Top of SUPPLIED MATERIAL

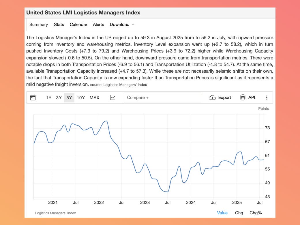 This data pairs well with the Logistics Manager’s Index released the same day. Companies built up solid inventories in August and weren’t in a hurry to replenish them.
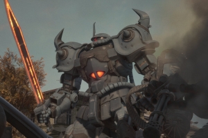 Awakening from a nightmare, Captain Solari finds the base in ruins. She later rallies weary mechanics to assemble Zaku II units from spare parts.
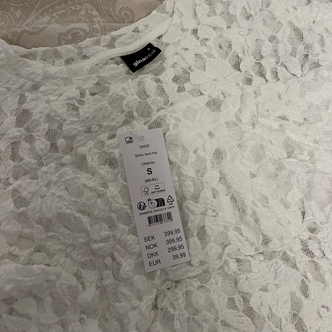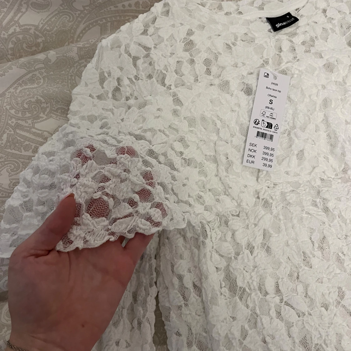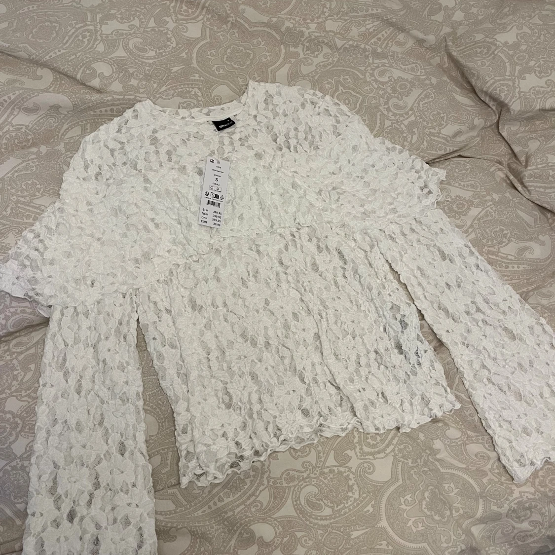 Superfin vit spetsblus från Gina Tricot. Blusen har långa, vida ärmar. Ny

Bottom of SUPPLIED MATERIAL
Top of SUPPLIED MATERIAL

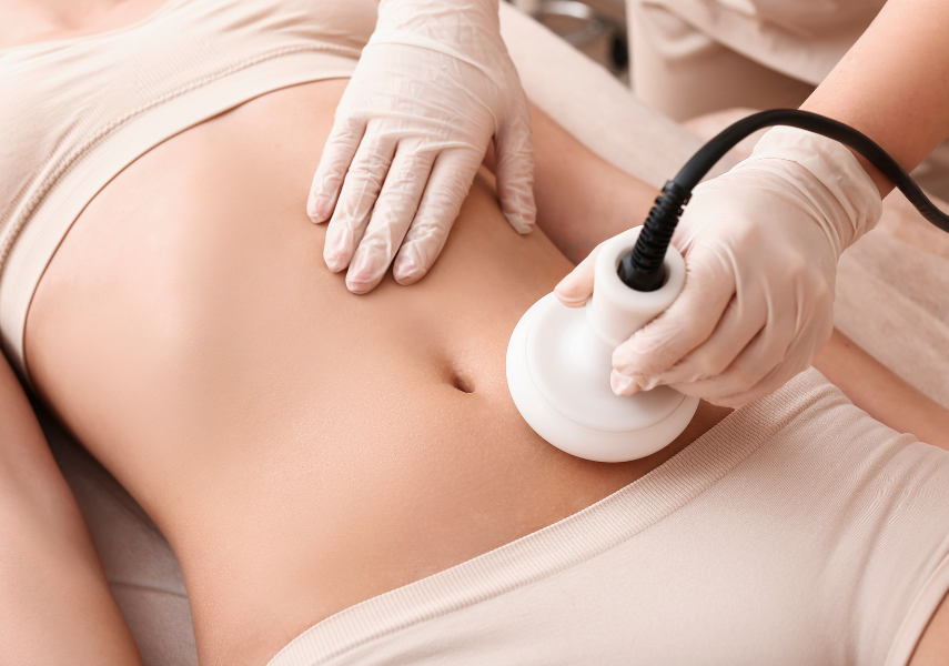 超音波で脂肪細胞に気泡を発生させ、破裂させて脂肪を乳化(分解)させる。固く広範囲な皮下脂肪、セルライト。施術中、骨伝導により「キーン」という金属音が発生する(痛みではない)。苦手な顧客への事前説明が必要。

Bottom of SUPPLIED MATERIAL
Top of SUPPLIED MATERIAL

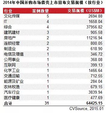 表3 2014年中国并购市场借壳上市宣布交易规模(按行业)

Bottom of SUPPLIED MATERIAL

| EXERCISE DESCRIPTION |
Reproduce, word for word, only the lines in the records above from the line with "This data pairs" through the line with "Superfin vit spetsblus", including both ends; omit the pictures.

| TASK SOLUTION |
 This data pairs well with the Logistics Manager’s Index released the same day. Companies built up solid inventories in August and weren’t in a hurry to replenish them.
 Awakening from a nightmare, Captain Solari finds the base in ruins. She later rallies weary mechanics to assemble Zaku II units from spare parts.
 Superfin vit spetsblus från Gina Tricot. Blusen har långa, vida ärmar. Ny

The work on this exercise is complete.